What's your favorite Jason Moran record?
You may remember that whole Most Important Albums of the Decade discussion we had last week here at A Blog Supreme, in reference to the All Songs Considered feature. It didn't seem like we had done enough thinking about the great jazz of the decade. So I asked the regular stable of bloggers supreme to help fill in the gaps. First up: NPR senior producer Walter Ray Watson takes exception. —Ed.
Well, Patrick, your note about how free jazz is stealing from Main Street is all well and good. Yeah, it's making in-roads into more commonplace material for inspiration and discovery, uh huh, and you elect pianist Jason Moran's Black Stars as a representative. Admirable choice and argument: Sam Rivers holds his own, and his art and experience combines with Moran's into something entirely new on that album.
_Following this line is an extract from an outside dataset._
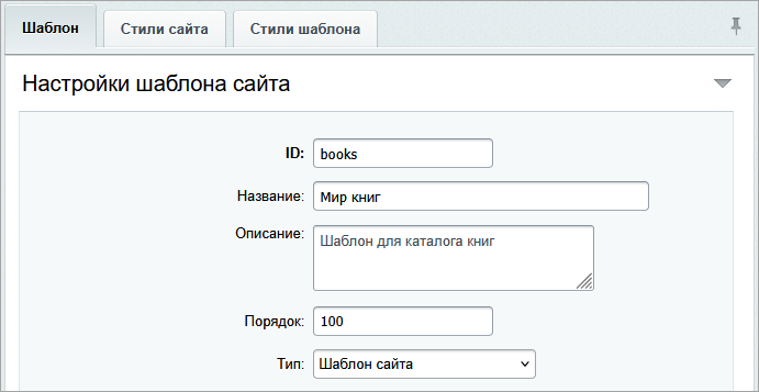 Порядок — число, которое определяет положение шаблона в общем списке шаблонов. Чем меньше число, тем выше шаблон в списке.
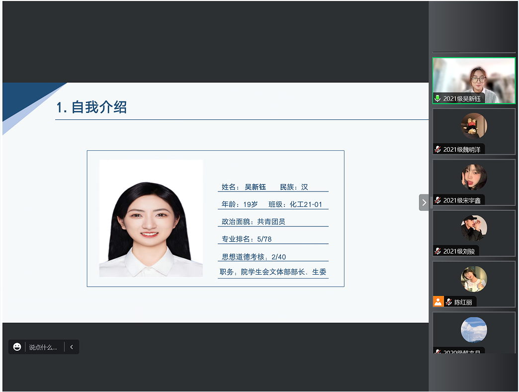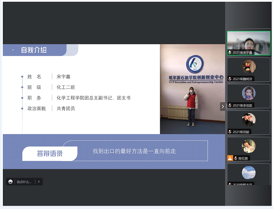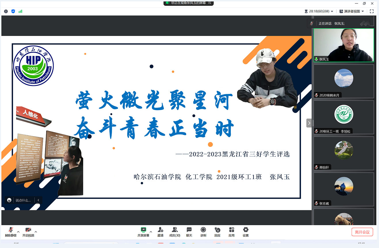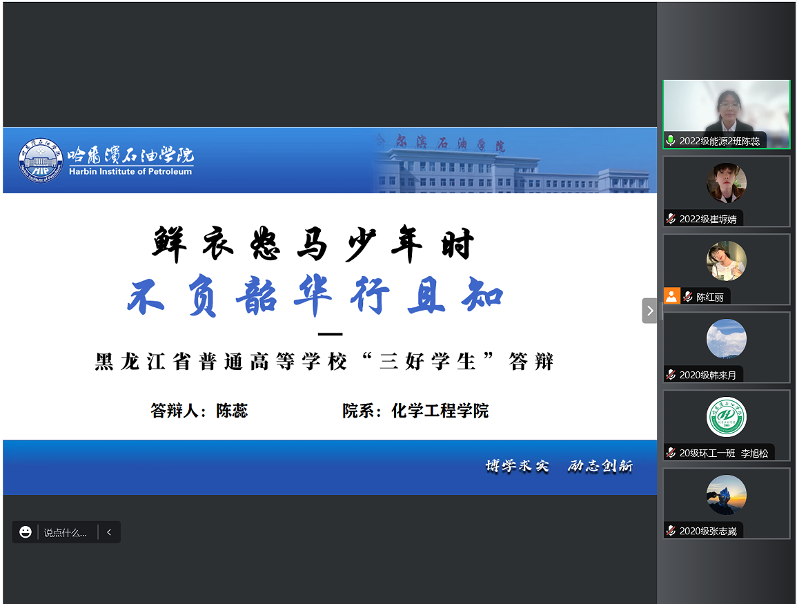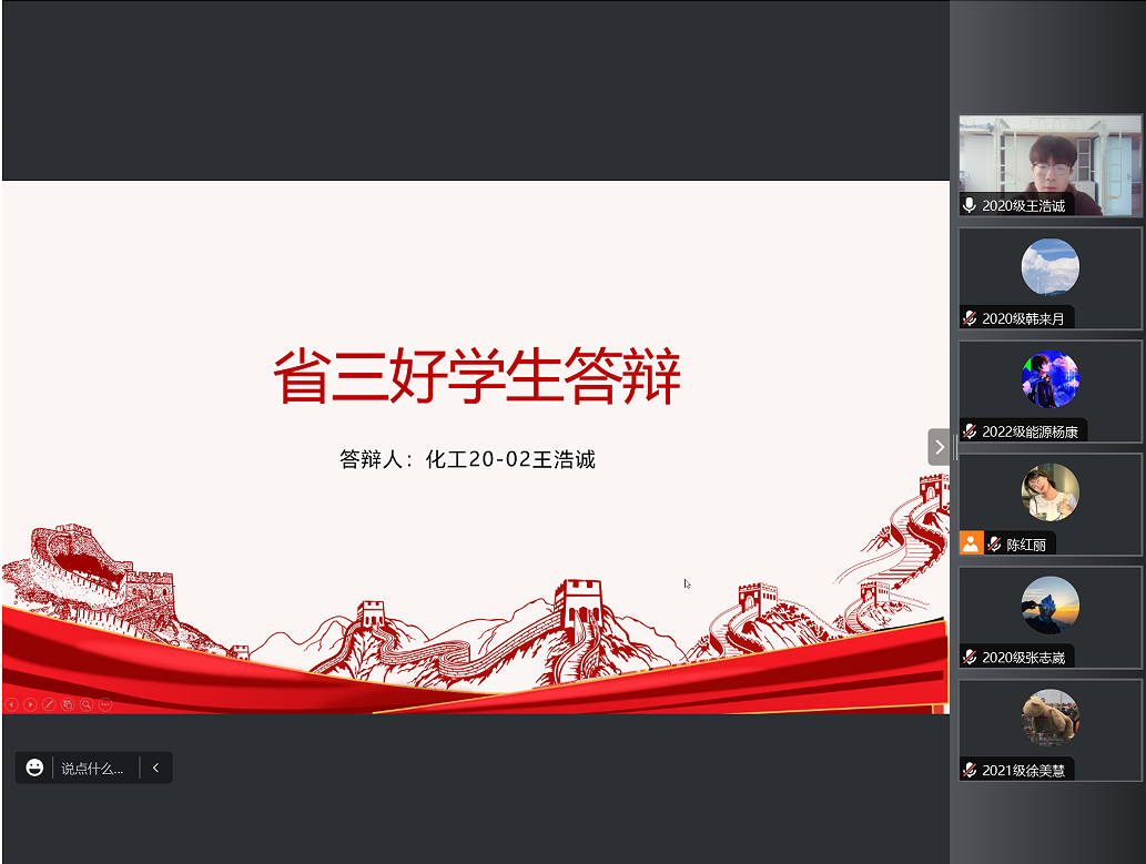 答辩会上,赵婧老师宣读黑龙江省三好学生评选流程、评选办法及评选条件后,21名申请人结合PPT依次进辩。申请人从自我介绍、思想政治表现、学习成绩、学科竞赛、社会实践、志愿服务等各个方面取得的突出成绩进行答辩。每位参与答辩的化工学子始终秉持着在生活和学习中积极向上、帮助同学的初心,努力学好专业知识、专业技能,发挥先锋模范作用。根据评审小组成员的评分,确定学院最终推荐名单:2020级:李旭松、韩来月、王浩诚、高怡轩、李文阅;2021级:宋宇鑫、张凤玉、刘骏、李丹、徐美慧、李佳茹、魏明洋、赵晨曦、吴新钰;2022级:陈蕊、崔垿婧、孙苏钰、陈红丽、贺柯豪、杨康。党总支书记徐宏莉对此次评审答辩会进行总结,她对参加答辩的同学所取得的成绩给予了充分肯定,同时也鼓励化工学子们勇于展示自我,积极参与学术、科研、创新创业等活动,希望同学们不忘初心,肩负时代使命,相信自己,努力拼搏,勇往直前,在未来书写美丽人生。

I bet you'd say as much about Miss Circe's gin. But hold on, partner.
I think Moran's Artist In Residence is a stronger portrait of the artist as a leading voice of the "oughts." Check out "Break Down," as his thesis statement:
"Break Down," from Jason Moran, Artist In Residence. Jason Moran, piano; Marvin Sewell, guitar; Tarus Mateen, bass; Nasheet Waits, drums; Adrian Piper, voice.
Purchase: Amazon MP3 / iTunes
Moran and his Bandwagon trio cook up a heady groove, sampling Adrian Piper's voice as a percussive and chordal trigger for this romp. But this ain't just a mad professor's nutty lab experiment.
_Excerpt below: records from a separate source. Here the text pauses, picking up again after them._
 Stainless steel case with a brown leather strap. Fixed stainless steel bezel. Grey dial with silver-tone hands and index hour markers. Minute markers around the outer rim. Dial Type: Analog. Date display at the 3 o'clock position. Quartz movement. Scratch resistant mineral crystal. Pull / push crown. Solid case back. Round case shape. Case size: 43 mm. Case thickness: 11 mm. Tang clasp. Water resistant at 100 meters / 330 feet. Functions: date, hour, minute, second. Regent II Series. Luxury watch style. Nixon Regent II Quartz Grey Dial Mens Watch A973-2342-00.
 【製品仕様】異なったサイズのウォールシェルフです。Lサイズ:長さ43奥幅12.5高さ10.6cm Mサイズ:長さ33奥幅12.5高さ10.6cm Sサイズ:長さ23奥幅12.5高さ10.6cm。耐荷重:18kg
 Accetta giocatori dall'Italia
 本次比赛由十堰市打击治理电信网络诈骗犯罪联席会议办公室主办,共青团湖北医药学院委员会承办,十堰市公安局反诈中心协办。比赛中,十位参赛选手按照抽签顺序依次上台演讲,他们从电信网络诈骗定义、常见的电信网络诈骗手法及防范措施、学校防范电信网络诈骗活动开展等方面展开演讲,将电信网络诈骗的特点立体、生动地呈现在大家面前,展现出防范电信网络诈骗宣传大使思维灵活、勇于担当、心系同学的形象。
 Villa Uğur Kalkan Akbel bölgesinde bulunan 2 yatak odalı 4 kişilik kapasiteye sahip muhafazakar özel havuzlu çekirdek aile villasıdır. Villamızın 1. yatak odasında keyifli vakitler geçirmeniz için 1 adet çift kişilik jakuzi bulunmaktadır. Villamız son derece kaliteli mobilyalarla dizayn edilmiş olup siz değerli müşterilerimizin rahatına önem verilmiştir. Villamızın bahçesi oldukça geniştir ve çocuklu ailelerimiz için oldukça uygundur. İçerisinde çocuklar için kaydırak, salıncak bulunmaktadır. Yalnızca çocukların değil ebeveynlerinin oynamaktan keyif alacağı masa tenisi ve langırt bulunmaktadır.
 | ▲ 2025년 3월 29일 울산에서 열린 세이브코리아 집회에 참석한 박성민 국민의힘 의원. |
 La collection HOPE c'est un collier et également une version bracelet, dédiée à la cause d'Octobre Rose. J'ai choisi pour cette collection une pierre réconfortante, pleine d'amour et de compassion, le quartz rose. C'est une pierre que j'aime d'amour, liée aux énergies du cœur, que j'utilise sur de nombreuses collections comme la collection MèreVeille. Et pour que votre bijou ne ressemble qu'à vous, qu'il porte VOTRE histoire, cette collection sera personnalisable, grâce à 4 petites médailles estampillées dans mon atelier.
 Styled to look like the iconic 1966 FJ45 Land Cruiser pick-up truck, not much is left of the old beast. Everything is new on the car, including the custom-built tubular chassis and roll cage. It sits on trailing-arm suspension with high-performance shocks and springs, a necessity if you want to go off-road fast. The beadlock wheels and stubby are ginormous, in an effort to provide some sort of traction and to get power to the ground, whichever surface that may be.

Subsequent tracks that use Piper's voice, or even the sound of a pencil scratching across paper, establish Moran as an important artist in our midst. Not only is he a practitioner who reinvents stride piano with both ferocity and restraint, but also someone who takes materials from his own environs — the studio and live techniques of the hip-hop generation. Moran makes new applications for Grandmaster Flash, Pharcyde, Public Enemy, and yes, yes y'all, Afrika Bambaataa's scratch-centric, beatbox friendly, and bass-heavy music. It seemed to lose its way for some of us after high school, or at least by the down payment on the first house, but he uses it to impressive effect here.
Anyway, Jason Moran belongs at the head of the class, and maybe even a full city block before you get to The Bad Plus. Audi.